It has been two years since the charismatic and controversial Thaksin Shinawatra was ousted as Thailand’s prime minister. Yet amid the rice-growing villages of the country’s heartland, his legacy lives on.
A walk down the rutted roads of Kok Loi illustrates why Thaksin, despite facing a possible conviction on corruption charges Tuesday, remains the central figure in Thai politics amid a deepening political crisis.
Villagers point to the homes they built during Thaksin’s tenure from 2001 to 2006, the refrigerators they bought, the general store they opened — all a result of the low-interest loans his government offered.
ILLUSTRATION: MOUNTAIN PEOPLE
“Thaksin was the savior of the poor,” said Kamcham Pokasang, 68, a farmer from Kok Loi in the northeastern Buriram Province, where lush green paddies of jasmine rice stretch to the horizon. “Before Thaksin we had nothing, only rice fields.
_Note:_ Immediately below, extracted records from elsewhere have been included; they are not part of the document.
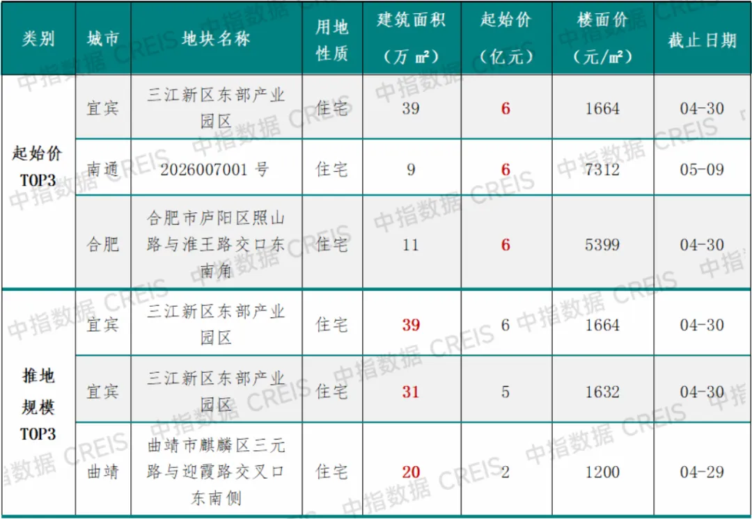 15周(04.05-04.11)300城推出62宗住宅用地,其中温州推出3宗住宅用地,起始价超8亿元,沧州推出8宗住宅用地,规划建筑面积近43万平。
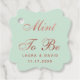 Balises de faveur de mariage pour un thème de couleurs mariage de menthe et or rose. L'arrière - plan est de couleur vert menthe. Les mots "Mint To Be" sont écrits en or (faux) rose, dans un élégant script calligraphique. Sous eux, les noms et la date sont écrits en petits casquette, dans une couleur similaire.
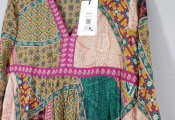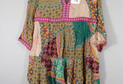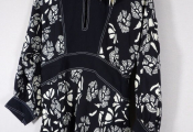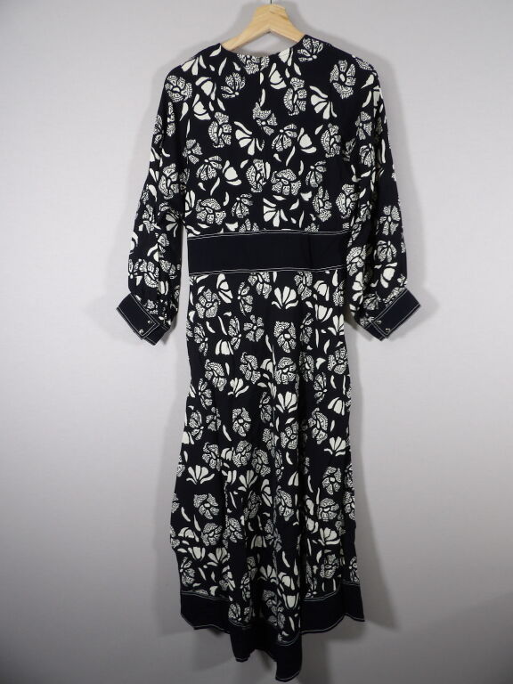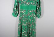 -x2 Robes mi longue à fleurs AUDE esprit bandana, manches 3/4 avec taille soulignée, en noir / blanc; et en vert/écru.
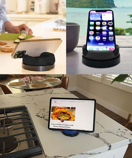 安定した視野角とユニバーサル互換性を備えた、用途の広い360°スマートフォンおよびタブレットスタンド。
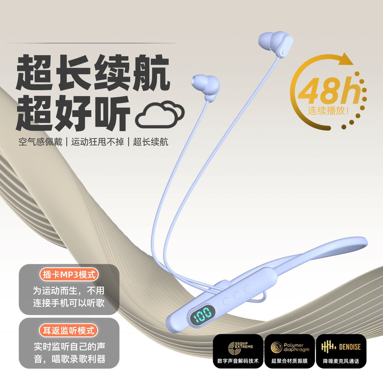 超长续航大电量蓝牙耳机无线颈挂脖式运动2025新款跑步专用高音质
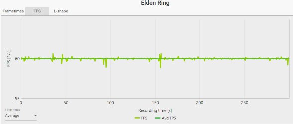 エルデンリングを約5分間プレイした時のフレームレートの変化の様子(品質:高)。
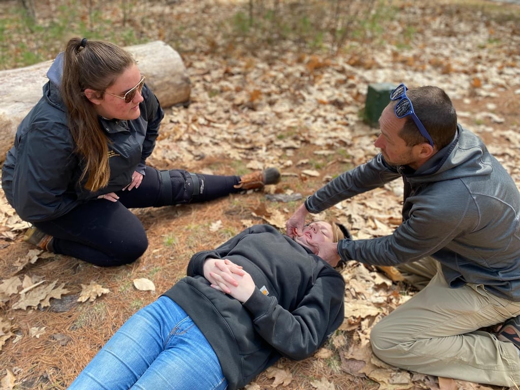 Hannah and Tom Welsh, co-founders of EMTechTutoring and Creative Classroom Solutions, led a two-day, 16-hour introductory course in Wilderness First Aid in which 16 students participated. EMTechTutoring, based in Dover, uses experiential learning to provide EMS programs, wilderness courses, and creative classroom ideas.
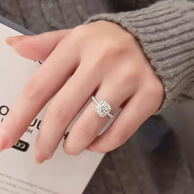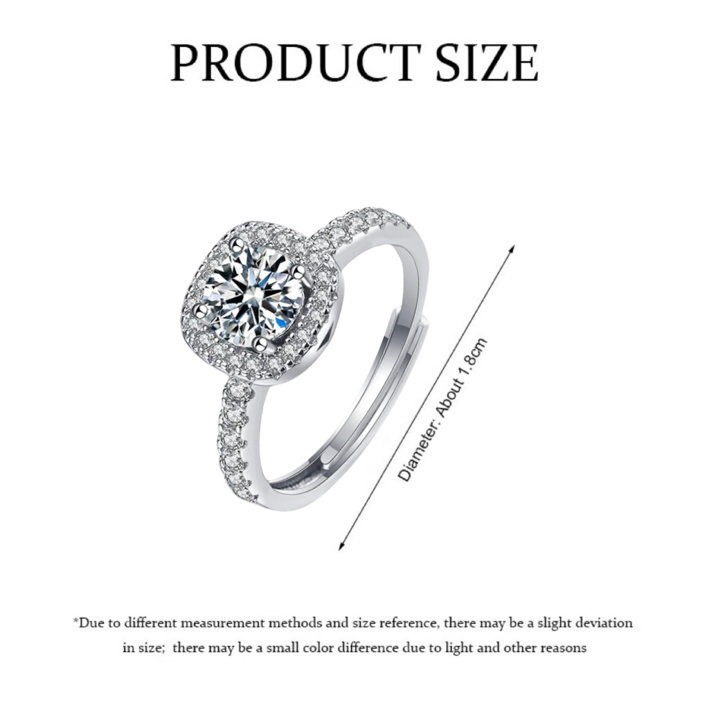 Cincin Titanium Anti Karat Empat Cakar Moissanite Wanita Adjustable Berlian Persegi Kelas Atas Terbuka Mewah Ringan-DS
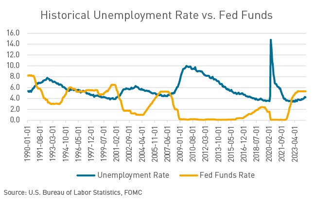 The long-awaited rate cut is finally here. On Wednesday the Federal Open Market Committee (FOMC) voted to lower interest rates by 50 basis points, the first rate cut in over four years. Wednesday’s decision marks a hard pivot in monetary policy as the Fed shifts focus from the price stability / inflation side of its dual mandate to the labor market side. “This decision reflects our growing confidence that with an appropriate recalibration of our policy stance, strength in the labor market can be maintained in a context of moderate growth and inflation moving sustainably down to 2%,” Fed Chair Jerome Powell said at Wednesday’s press conference. The Fed practiced patience in their battle against inflation, holding rates at the 5.25%–5.50% terminal rate range for nearly 14 months before pivoting in policy.

Thanks to Thaksin, my family now has everything.”
A five-hour drive away, in Bangkok, opinion is decidedly more mixed.
Anti-government protesters have barricaded themselves in the prime minister’s office compound for nearly two months, paralyzing the government, splitting society down the middle and creating Thailand’s worst political crisis in years. They accuse Thaksin of being corrupt, and see Thai Prime Minister Somchai Wongsawat, who is his brother-in-law, as a proxy for the former leader.
Thaksin, who was deposed in a 2006 coup, is living in self-imposed exile in London, saying he will not get a fair trial in Thailand.
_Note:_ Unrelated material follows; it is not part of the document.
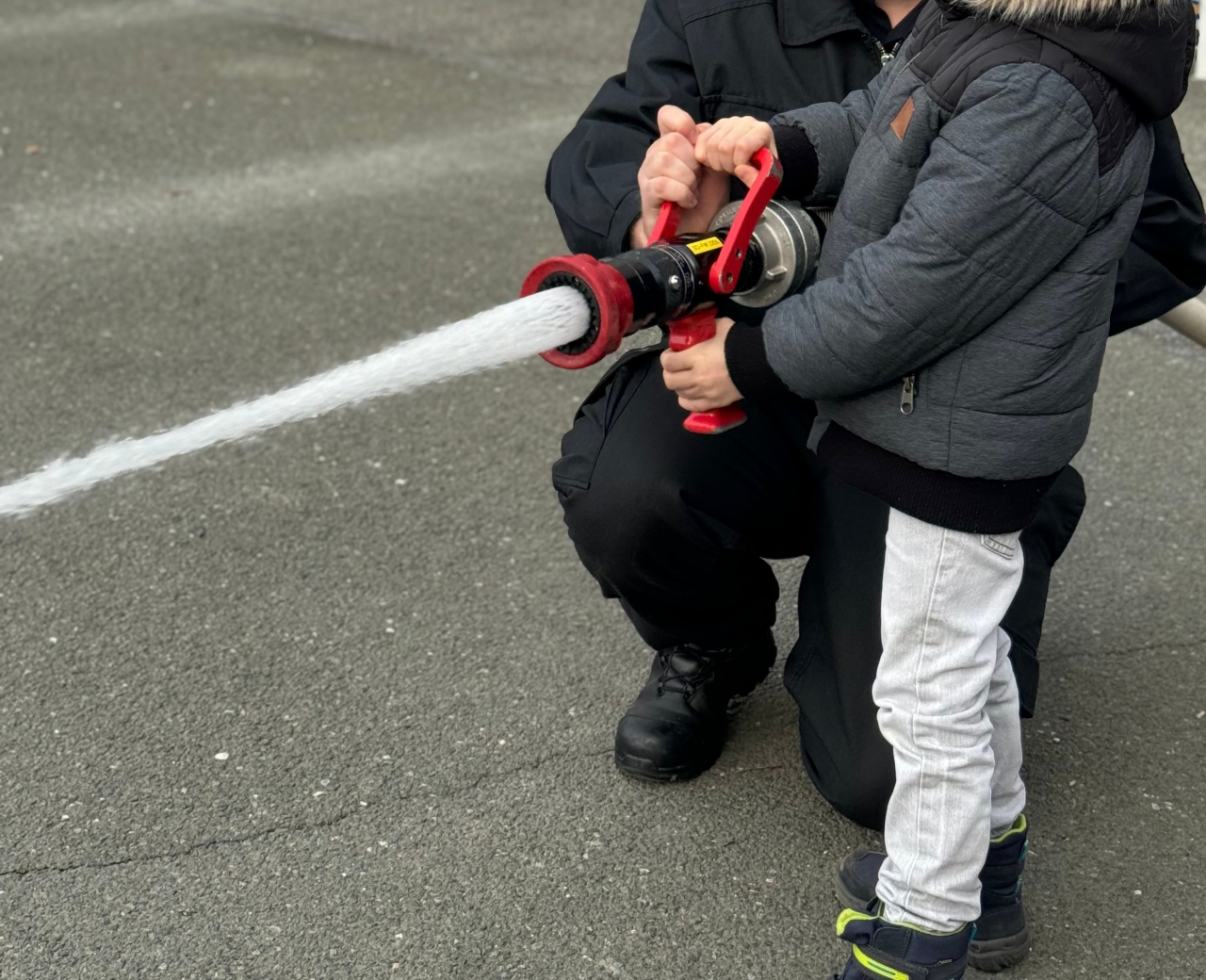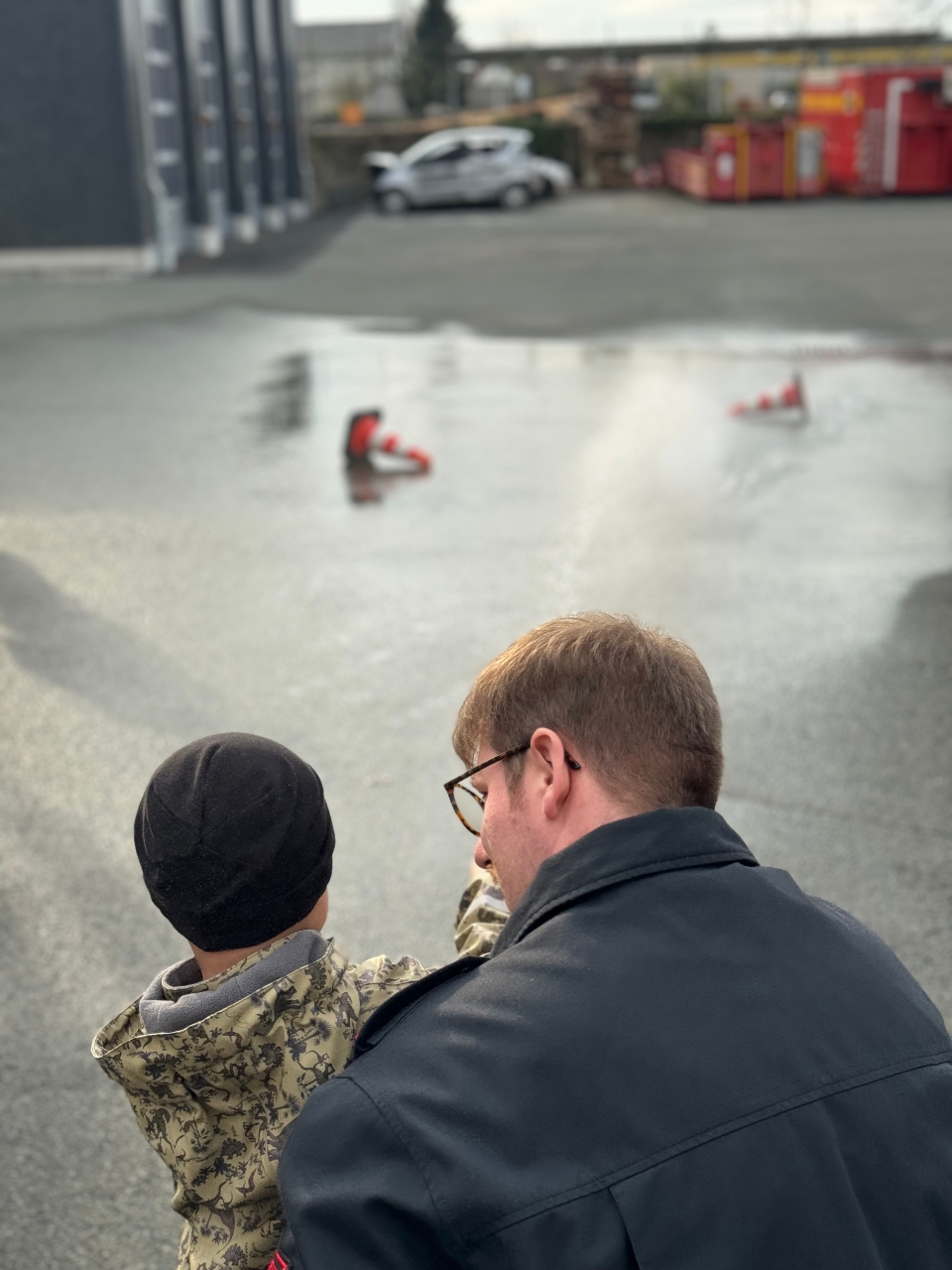 Nun durften die Kinder einmal selbst in die Rolle einer/eines Feuerwehrfrau/mannes schlüpfen und mit einem Strahlrohr „löschen“. Als kleine Aufgabe mussten die Kinder versuchen, zwei Verkehrsleitkegel („Pylone“) mit dem Wasserstrahl umzuschießen und alle hatten dabei mächtig Spaß.

His first conviction came yesterday, when a court ruled found him guilty of conflict of interest stemming from his wife’s 2003 purchase of a lucrative plot in Bangkok at a deflated price from a government agency.
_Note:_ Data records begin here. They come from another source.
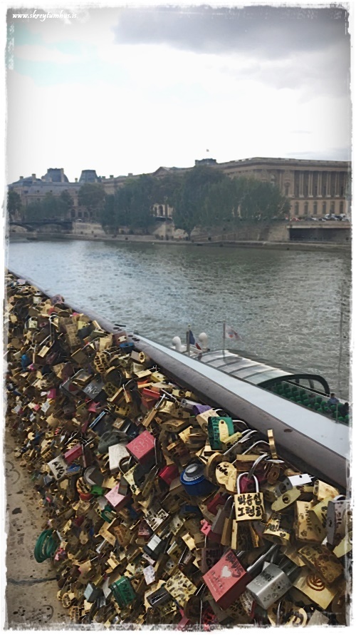 …fá Notre Dame löbbuðum við yfir til Louvre safnsins. Á leiðinni komum við að ástarbrúnni, þar sem elskendur festa lása sem stöfunum sínum á og kasta lyklinum í ánna…
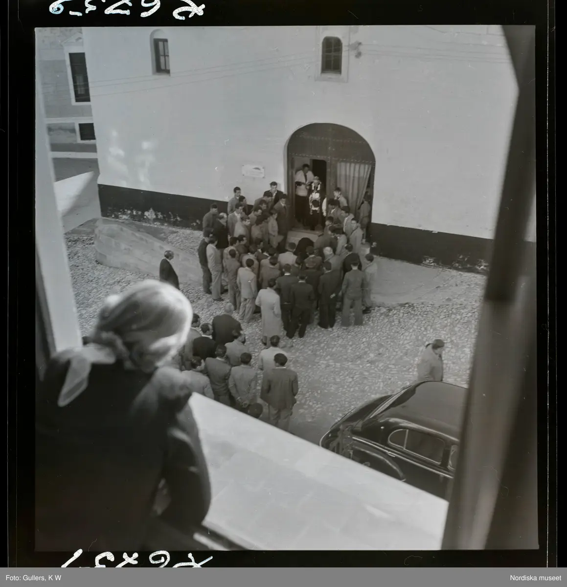 568 F. Stieg Trenter, Torremolinos. Begravning. Sörjande har samlats vid kistan framför kyrkan.En kvinna betraktar dem från ett fönster.
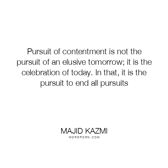 Pursuit of contentment is not the pursuit of an elusive tomorrow; it is the celebration of today. In that, it is the pursuit to end all pursuits
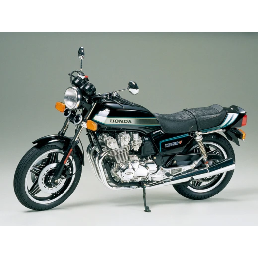 The Honda CB750F Motorcycle first appeared on the Japanese market in June 1979 and was shortly the best seller in the 750 motorcycle class. Just ten years prior to their CB750F, Honda opened the field of multi-cylinder, large-bore bikes with the now famous four cylinder CB750. Honda had extensively tested the multi-cylinder concept and won several Grand Prix motorcycle races, and the CB750 was based upon these experiences. The engines worked flawlessly and provided very smooth power with almost no vibration, and so shocked the industry, that soon many of the famous makers also produced four cylinder large cubic motorcycles. Honda, of course, held the number one position in sales for many years, but then Kawasaki released their Z series DOHC 750 bikes, and took over the number one position, relegating Honda to 2nd place. Honda, however, did not take this set back for long, and continued to improve their engines, and in 1979 released a CB 750K DOHC with four valves per cylinder, a powerful 68hp, and completely new body styling. It was not long before Honda was again number one! The CB750F, released in June 1979 was styled after the very popular European Honda CB900F, which had been copied from their racing RCB bike. This styling was new to stock motorcycles of the world. The low positioned handle bars and rear positioned foot rests, allow a slouched riding position and this style is what set the standard for the eighties.

Yet the 59-year-old former business tycoon remains the most prominent politician in the country. Love him or hate him, nobody can stop talking about him.
Protesters marched through central Bangkok on Monday, calling for a purge of all Thaksin loyalists from the government and accusing him of vote buying in rural areas.
“Thaksin is a bad man. He does everything for himself,” said Naree Sivaboon, 54, a government employee. “He never helped the people of Thailand.”
The Nation, an English-language newspaper, wrote in a commentary on Friday: “All problems in Thailand are seen by many as masterminded by Thaksin.”
It noted that even a skirmish last week between Thai and Cambodian troops was “attributed to Thaksin’s maneuvering behind the scenes.”
The political crisis is a tug-of-war between Thaksin’s supporters in rural areas, where two-thirds of Thailand’s 65 million people live, and an educated middle class in Bangkok that wants to remove all vestiges of Thaksin.
Protesters believe Thaksin is operating behind the scenes to assure his allies stay in power long enough to clear him of corruption charges and help get his remaining riches out of the country.
Forbes Asia magazine put Thaksin’s estimated net worth at US$400 million in July after Thai authorities froze more than US$2 billion of his family’s assets pending the outcome of the corruption cases.
“Thaksin is behind every political move of this government,” said Suriyasai Katasila, one of the protest movement’s leaders. “He wants them to unlock his assets and clear his name so he can return to power.”
The residents of Kok Loi pay little heed to the corruption accusations.
“I don’t care if Thaksin was corrupt. All politicians are corrupt,” said Gad Pokasang, a 68-year-old rice farmer in Kok Loi.
He and his wife, Kamcham, praised Thaksin for banishing drug dealers, giving them affordable health care and helping put food on the table.
“We built this house thanks to Thaksin,” said Kamcham, also 68, as she proudly showed a visitor around her modest two-story cement home. “This TV and stereo came from Thaksin. This refrigerator and washing machine, our two motorcycles. Everything.”
Many in the rural heartland recall Thaksin as the first prime minister who paid attention to them.
He created a program known as the 1 million baht (US$30,000) village fund, in which villagers could apply for low-interest rations of 20,000 baht each.
Kok Loi built a general store with interest generated from the loans.
“I’m so sick of all the protests in Bangkok,” said 41-year-old rice farmer Somporn Ongklang, who took a loan to buy a mechanical plowing machine. “Those people are not poor. They don’t know how difficult life can be, and how much Thaksin helped us.”
The group behind the protests, which calls itself the People’s Alliance for Democracy, is a mix of royalists, business owners, students and activists who say that Western-style democracy has become too messy for Thailand.
They say rural voters are too ignorant to choose Thailand’s leadership and propose a plan, still only loosely defined, that would weaken the rural voice in hope of changing the balance of power.
Analysts have widely criticized the idea as turning the clock back on Thailand’s democracy, and villagers in Nohn Makok, near Kok Loi, are outraged.
“I might be poor, but I know they can’t take away my right to vote,” said Somboon Boontee, a 57-year-old rice and tapioca farmer who scrapes by on under 70,000 baht a year. “If you ask me, Thailand’s troubles started when Thaksin left.”